4.VPS (Virtual Private Hosting)
If you’ve outgrown your shared host then a Virtual Private Server may be the next step you need to take. On a VPS server, you share a server with relatively few clients like in a semi-dedicated plan. However, unlike a semi-dedicated plan, each account is sliced off into a separate area by itself. This means that no one else can use your allotted resources. Similarly, you cannot borrow anyone else’ resources. This prevents one user from slowing everyone else down. However, if you are that one user that constantly demands all of a server’s resources, you may have a slow website. In a VPS you will not get suspended for over-usage because you can’t really over-use anything. You have a set amount of CPU and RAM you can use and a “burst RAM “ rate for emergencies. This type of solution is safer than a semi-dedicated solution and is a good stepping stone between going from shared hosting to having a dedicated server all to yourself. Make sure to get a VPS with a decent amount of guaranteed RAM or you will suffer slow website loading times.

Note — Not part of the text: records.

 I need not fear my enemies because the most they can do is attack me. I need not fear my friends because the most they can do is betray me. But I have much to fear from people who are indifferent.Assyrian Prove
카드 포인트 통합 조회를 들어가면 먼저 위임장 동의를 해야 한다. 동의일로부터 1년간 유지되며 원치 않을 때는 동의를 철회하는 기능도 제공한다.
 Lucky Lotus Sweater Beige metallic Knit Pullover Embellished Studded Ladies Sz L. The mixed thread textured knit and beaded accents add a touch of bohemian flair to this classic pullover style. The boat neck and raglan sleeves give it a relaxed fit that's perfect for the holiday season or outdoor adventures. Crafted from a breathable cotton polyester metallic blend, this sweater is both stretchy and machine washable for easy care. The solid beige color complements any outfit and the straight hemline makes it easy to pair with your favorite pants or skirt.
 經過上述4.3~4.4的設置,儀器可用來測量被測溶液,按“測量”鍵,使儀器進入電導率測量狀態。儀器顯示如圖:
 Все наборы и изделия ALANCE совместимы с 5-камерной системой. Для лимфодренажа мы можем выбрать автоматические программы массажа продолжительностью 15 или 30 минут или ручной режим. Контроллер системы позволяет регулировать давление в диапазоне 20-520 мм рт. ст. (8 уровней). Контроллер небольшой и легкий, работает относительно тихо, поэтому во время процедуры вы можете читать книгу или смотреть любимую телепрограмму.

In this environment, you have the server all to yourself and are not sharing with anyone. All the CPU and RAM is guaranteed to one person so you don’t have to worry about other people. However, unlike a VPS, that is all the resources there is available and there is not a “burst rate” to take advantage of. You are also responsible for server management unless you go with a managed plan(which I recommend for a corporation). This solution is better than a VPS because it gives you consistent higher resources but also comes at a higher price. It is very important to choose a provider in a data center that has good technical support and uptime for a corporate website. Services I can recommend for this solution are LiquidWeb, Wiredtree, and Softlayer.com as all have guaranteed 24/7 support(if you pay for it) and excellent reputations. I personally use gate2vn.net and have found them great for my needs but I do not run a corporate website and response times are generally a bit longer than the 15 minute times promised by the services mentioned above. If you need the absolute best, then I would recommend RackSpace and their “fanatical support”. Their servers cost over three times the amount that other places charge but they provide on-demand phone support, fully managed service, and guaranteed website technical support chat and also 5-minute response times 7 days a week, 365 days a year(this is for real, I actually contacted them on Christmas once just to check). RackSpace will also help you move to more complex solutions if you should need them.

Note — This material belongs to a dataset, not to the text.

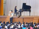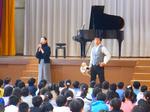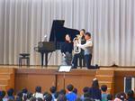 今日の1時間目はエバリーのお二人をお招きして、1~4年生対象にミニコンサートをしていただきました。今年はピアノとユーフォニアム担当のお二人が来てくださいました。トルコ行進曲やディズニーメドレーなどおなじみの曲の演奏や、楽器体験コーナーなどがありました。アンコールでは校歌をみんなで元気いっぱいに歌いました。本物の音楽に触れる貴重な機会となりました。

This is the ultimate in hosting for extremely high-traffic sites. Most of the larger corporations such as Microsoft use this solution(MS also has their own data center but that cost millions to build). In this setup a group of servers are working together to fulfil the needs of your website. If you become a multi-billion dollar corporation, you will need to go this route. Places like Wiredtree or Rackspace will be happy to help you with this solution. For startup businesses, this is probably not something you will be looking at for quite a while.
Now that we have looked at the requirements for corporate hosting and the possible types of solutions available, you should be armed with enough information to begin your search. All of the hosting companies in this article have solid reputations in the industry so you may want to start there. Be careful in choosing your host as it may be the success or failure of your online identity.